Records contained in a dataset

########

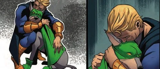 Itβs not clear who is attacking them. It IS clear that the one who is targeting them has a lot of funding. Theyβve already done away with a lot of the enemy units and there are another 600 on their way. Good thing that itβs only a dream sequence thatβs opening Blue Falcon and Dynomutt #4. Writer Jimmy. Palmiotti and artist Pasquale Qualano continue their revival of the old animated hero from Saturday mornings with the aid of colorist Jorge Sutil. Itβs a fun reimagining of the character that gets into the heart of a buddy action story between a man and his dog.
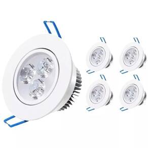 Kit 4 lâmpadas led 3w spot redondo embutir bco quente bivol
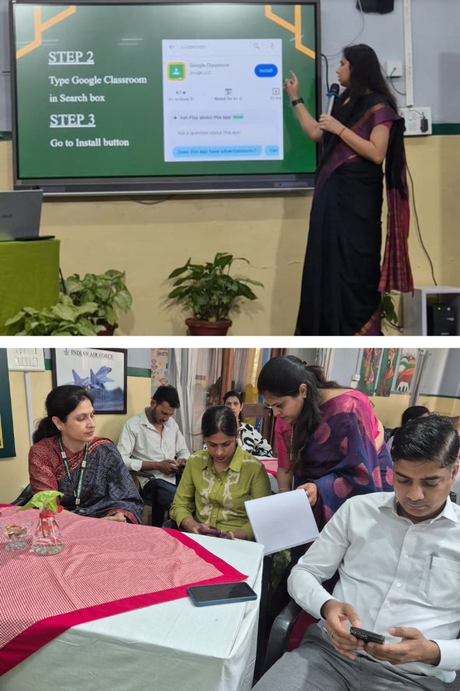 Ms. Shipra Garg, Middle Wing Coordinator, conducted an insightful session on Gentle Parenting. Our Facilitators Ms. Misha Gurjar (TGT-English) presented a comprehensive overview of the school's founders, heritage, achievements, NEP, NCF, and assessment pattern, while Ms. Seema Chalotra (PGT–Computer Science) demonstrated the use of Google Classroom and the Campus Care app, guiding parents on effective utilisation of these platforms.
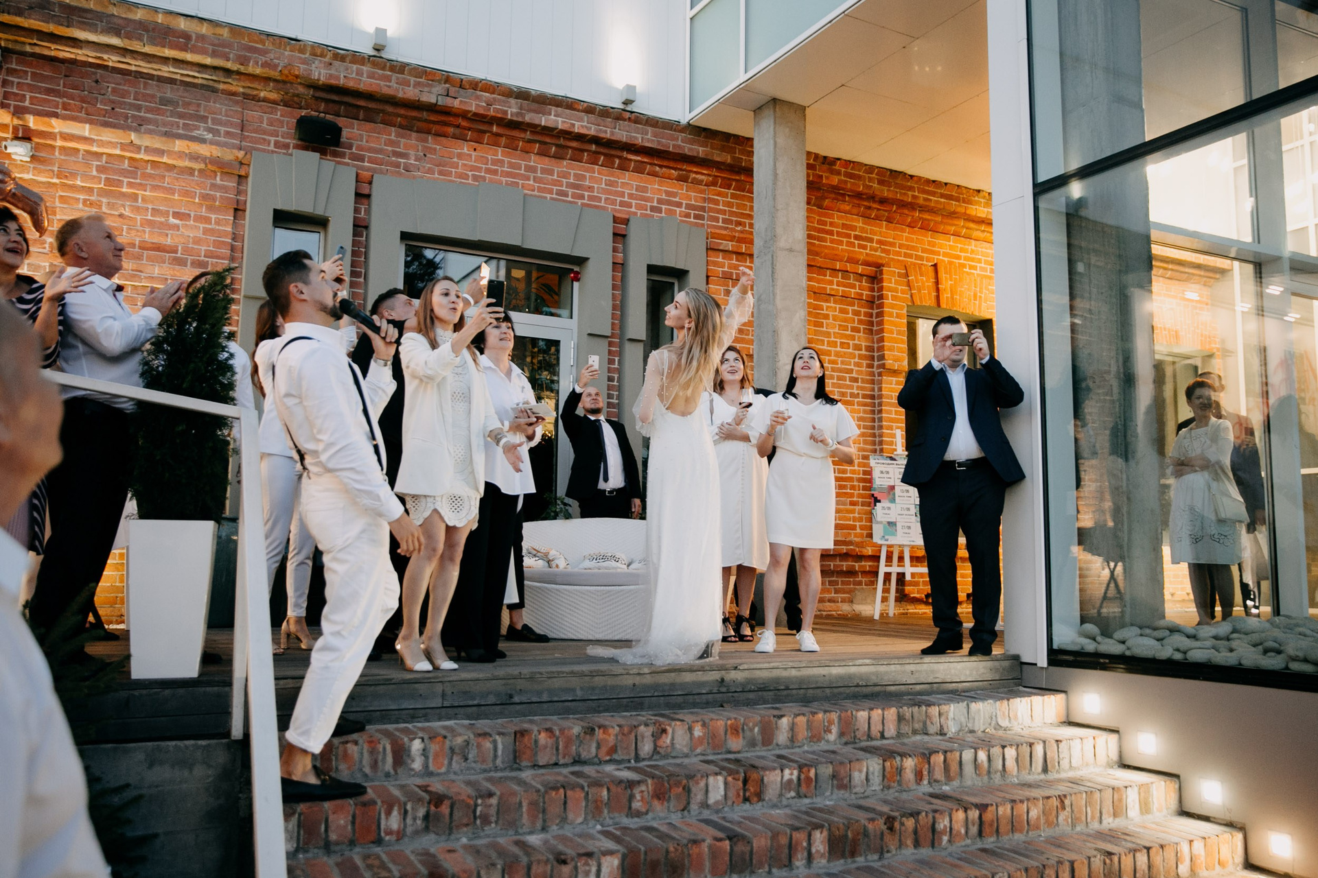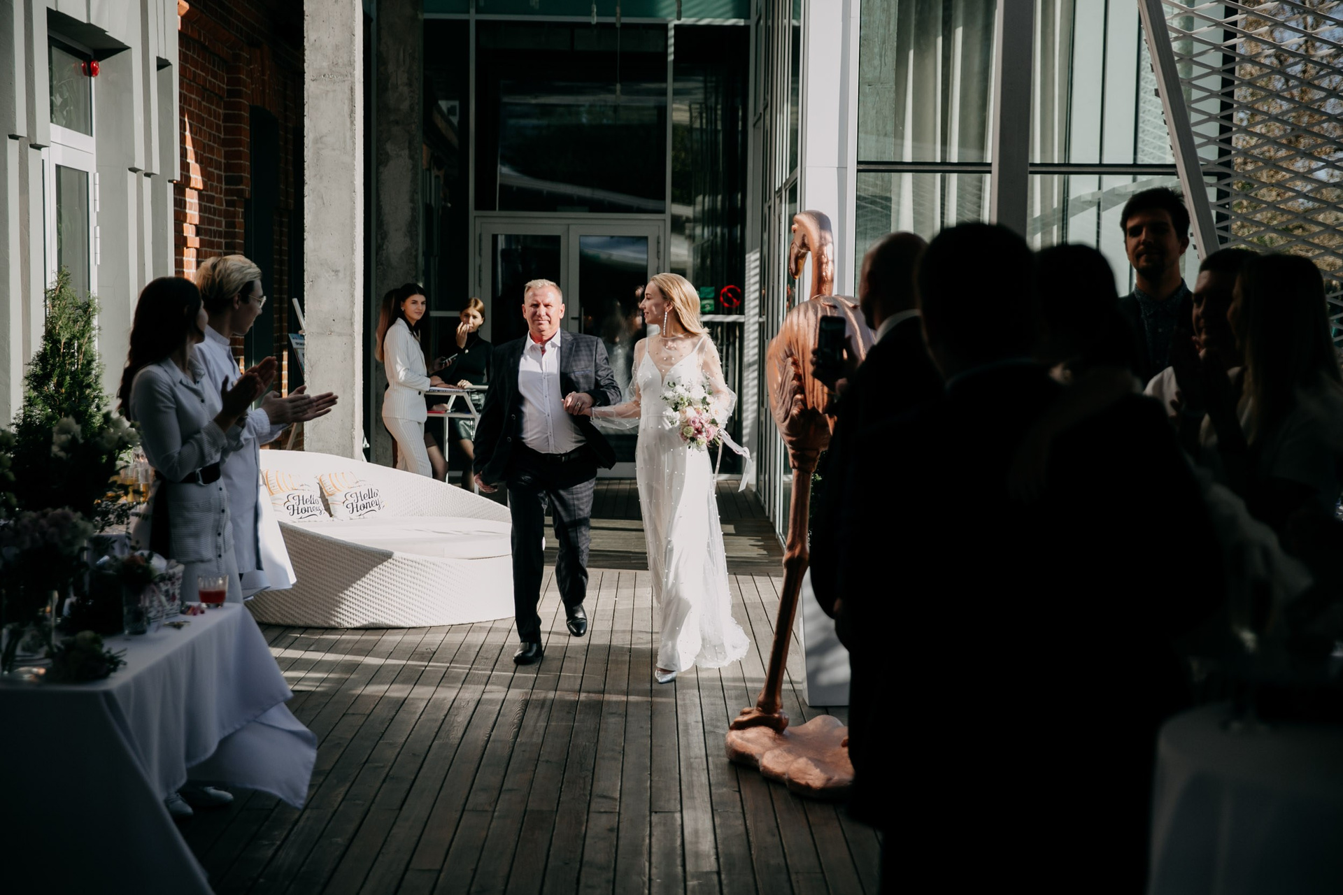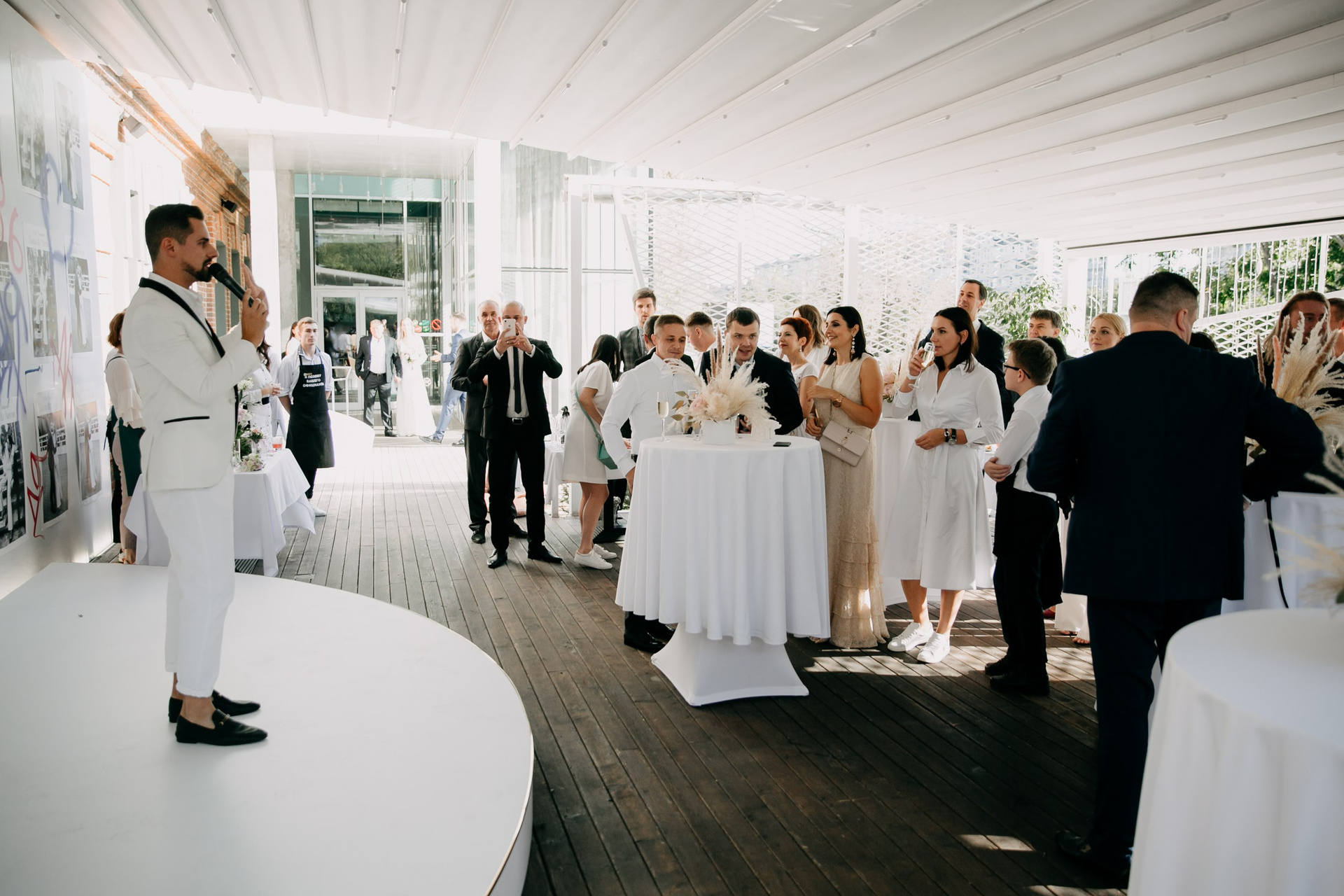 В целом отличный формат где гости не сидят за столами, а общаются, знакомятся, веселятся, и участвуют в общем веселье вместе с молодоженами, ресторан Эхо очень подходит для такого формата свадеб
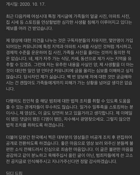 유튜버 딤디 가족, 집 위치 등등 신상 털어서 유튜브 커뮤니티에 박제됨.
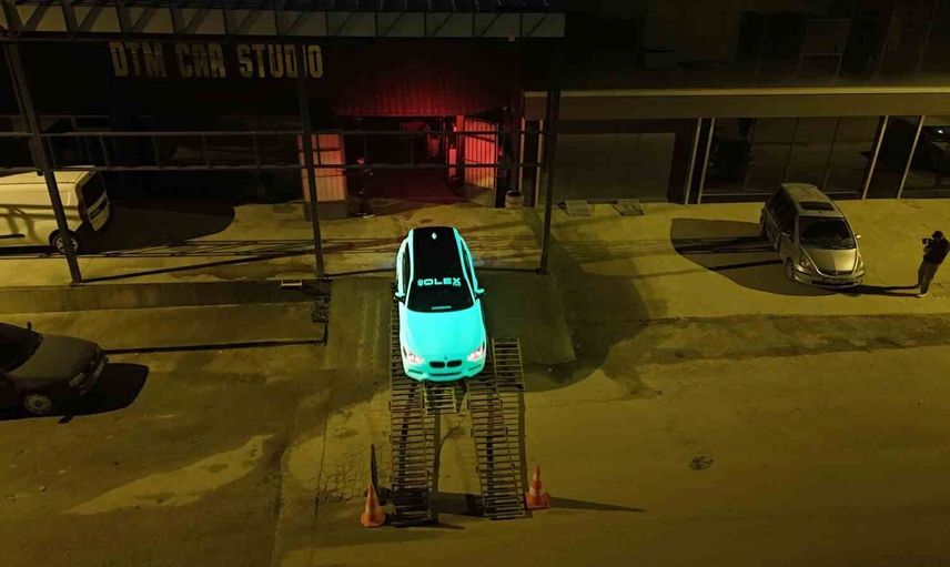 Türkiye’de sadece 7 adet bulunan bu özel otomobilin kaplaması, 210 mikron kalınlığında TPU PPF kullanılarak gerçekleştirildi. Gündüzleri bembeyaz görünen bu araç, geceleyin aydınlatıcı bir efektle parlak yeşil renge dönüşüyor. Bu durum, aracın üzerindeki şeffaf kaplamanın güneş ışığını toplayıp karanlıkta enerjiye dönüştürmesine bağlıdır.
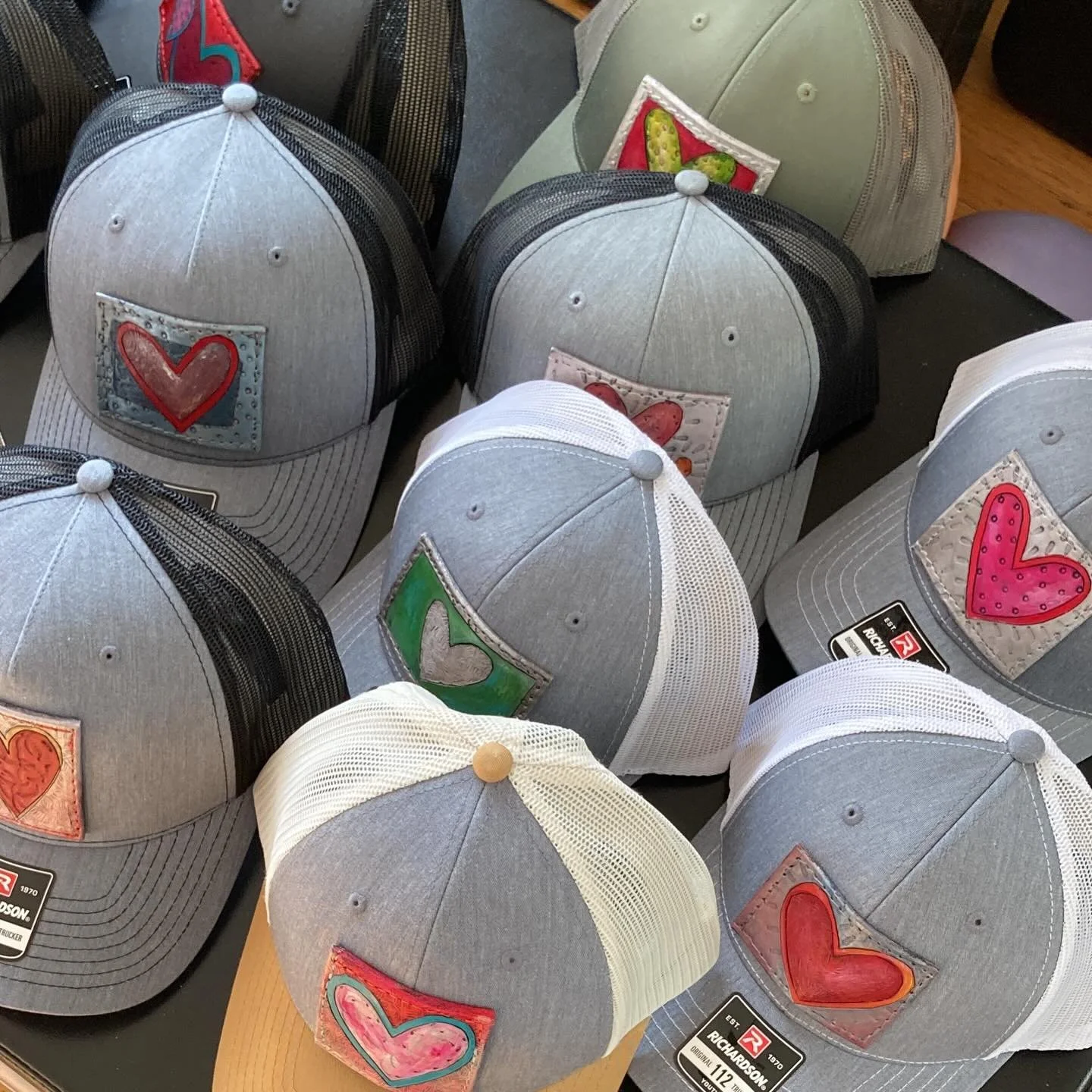 Hand-carved and painted heart detail in white, pink, orange, and black
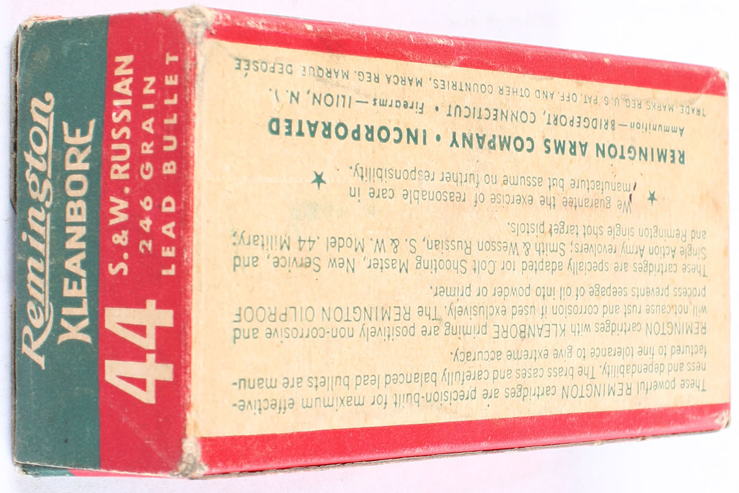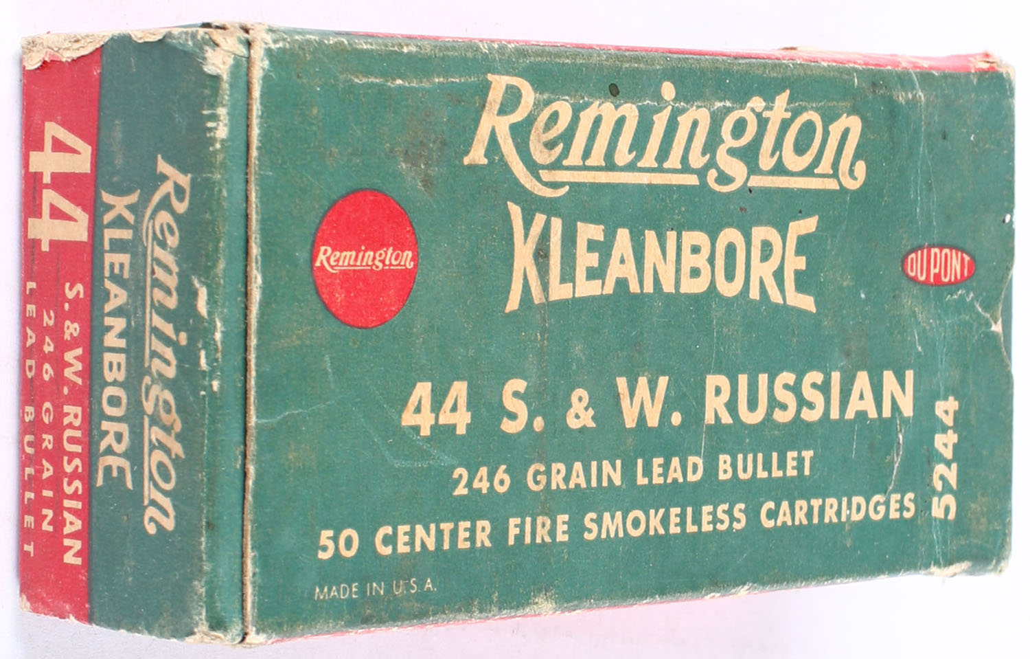 Remington, Kleanbore, .44 S&W Russian, 246 Grain Lead Bullet, Full, 1pc. Green red & white box, box is solid with excellent color, some edge & corner wear, end flaps are solid, ammo is excellent. Grade: Excellent - Value: 30 to 90
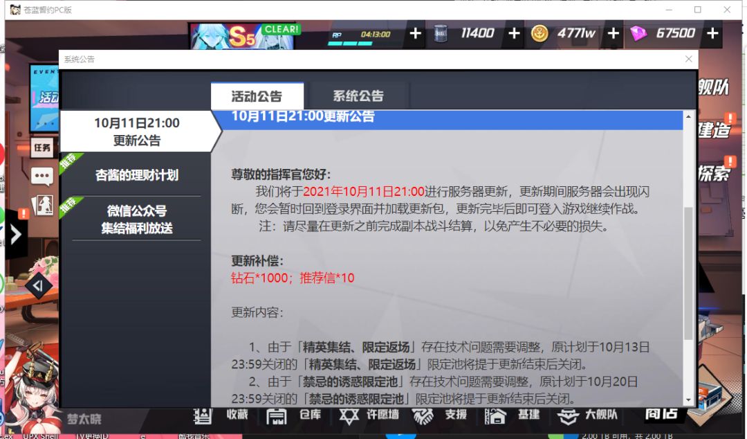 今晚21点更新,提前关闭限定池子。详见游戏内公告 错过了就是一辈子(我相信苍宝能活到复刻的那一天,但现实很残酷)
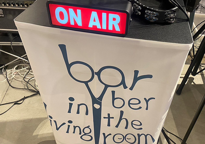 ツルッとした光沢感のあるスエード生地に防炎加工を施しております。全面オレンジ色が明るい印象で、正面には黒・白色を使用した配信プラットフォーム様のロゴとQRコードをプリントいたしました!

########

What is needed:
Return exactly the lines of the data, beginning with the first and ending with the line containing "Hand-carved and painted". Skip the pictures.

Task solution:
 Itβs not clear who is attacking them. It IS clear that the one who is targeting them has a lot of funding. Theyβve already done away with a lot of the enemy units and there are another 600 on their way. Good thing that itβs only a dream sequence thatβs opening Blue Falcon and Dynomutt #4. Writer Jimmy. Palmiotti and artist Pasquale Qualano continue their revival of the old animated hero from Saturday mornings with the aid of colorist Jorge Sutil. Itβs a fun reimagining of the character that gets into the heart of a buddy action story between a man and his dog.
 Kit 4 lâmpadas led 3w spot redondo embutir bco quente bivol
 Ms. Shipra Garg, Middle Wing Coordinator, conducted an insightful session on Gentle Parenting. Our Facilitators Ms. Misha Gurjar (TGT-English) presented a comprehensive overview of the school's founders, heritage, achievements, NEP, NCF, and assessment pattern, while Ms. Seema Chalotra (PGT–Computer Science) demonstrated the use of Google Classroom and the Campus Care app, guiding parents on effective utilisation of these platforms.
 В целом отличный формат где гости не сидят за столами, а общаются, знакомятся, веселятся, и участвуют в общем веселье вместе с молодоженами, ресторан Эхо очень подходит для такого формата свадеб
 유튜버 딤디 가족, 집 위치 등등 신상 털어서 유튜브 커뮤니티에 박제됨.
 Türkiye’de sadece 7 adet bulunan bu özel otomobilin kaplaması, 210 mikron kalınlığında TPU PPF kullanılarak gerçekleştirildi. Gündüzleri bembeyaz görünen bu araç, geceleyin aydınlatıcı bir efektle parlak yeşil renge dönüşüyor. Bu durum, aracın üzerindeki şeffaf kaplamanın güneş ışığını toplayıp karanlıkta enerjiye dönüştürmesine bağlıdır.
 Hand-carved and painted heart detail in white, pink, orange, and black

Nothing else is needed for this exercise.